I've not really thought about it from a long distance point of view.


Thanks for your thoughts Rob. You've brought an interesting perspective into the topic.

The pelvis is quite an interesting structure to address when analyzing movement, since it's position affects, and is affected by many other structures. From a movement chain point of view, kinetic chain if you will, the pelvis will achieve a position (tilt) in relation to external  influences: On our skis, the position of the feet, and legs, in relation to the foot brace/plate will influence pelvic tilt, since it is quite a solid base of support.

Foot plate distance, specially in presence of tight hamstrings, and fatigue, may also be  factors that affect pelvic tilt.

Interestingly, based on the "Power circles" concepts, the paddle in the water may also contribute to muscle action happening from the paddle to hip direction, influencing pelvis action.

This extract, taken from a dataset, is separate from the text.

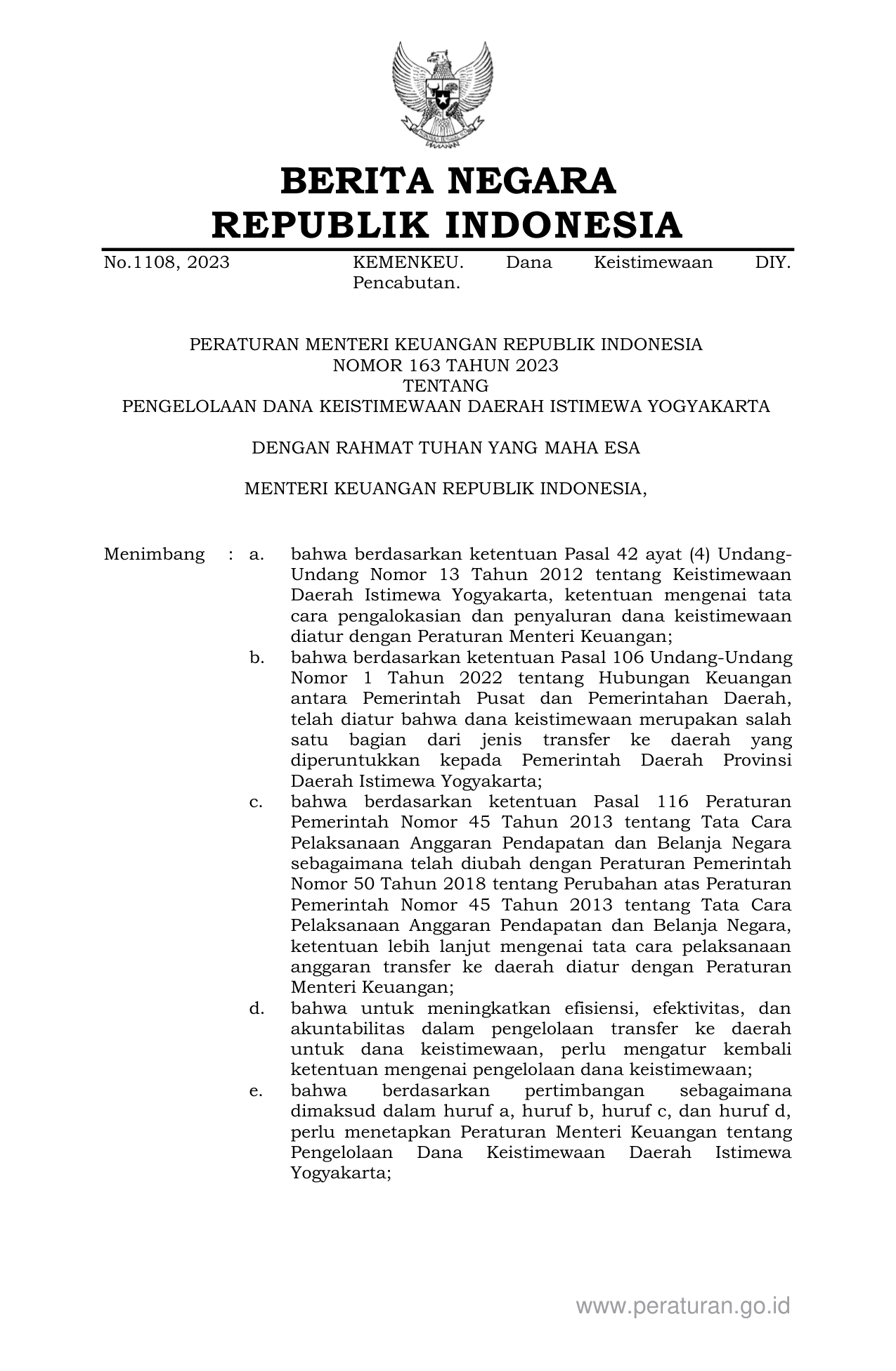 PERMEN Nomor 163 Tahun 2023 | Peraturan Menteri Nomor 163 Tahun 2023 tentang PENGELOLAAN DANA KEISTIMEWAAN DAERAH ISTIMEWA YOGYAKARTA

 Back to pelvic tilt, from the foot brace perspective. This tilt will manifest as either anterior, where the upper rim of the pelvis (iliac crest) will lean forward, towards the bow of the ski, or posterior, with a rearward lean.

Our concerns with pelvic tilt in this topic of discussion are mostly with the posterior lean/tilt. Tight hamstrings and weak lumbar muscles can be significant contributors to posterior pelvic tilt. This tilt may bring about several issues, such as  forward sliding in the bucket, rubbing coccyx, numb legs (sciatic compression), slumped posture, restrained breathing, shoulder impingement, neck pain, etc.

Since contact with the foot brace is fundamental in the forward stroke, and our hips are a massive point of movement synergies related to paddling (rotation) and balance, it does make sense to address hip position/tilt, and strive to achieve a neutral tilt. I believe that looking at our foot plates as a point of reference does make sense whenever addressing our hips position.

All the above being said, we can't forget that individual anatomy, pelvic position awareness and capability, and, bucket shape are factors to consider.

Regards

JD

Simple, not easy.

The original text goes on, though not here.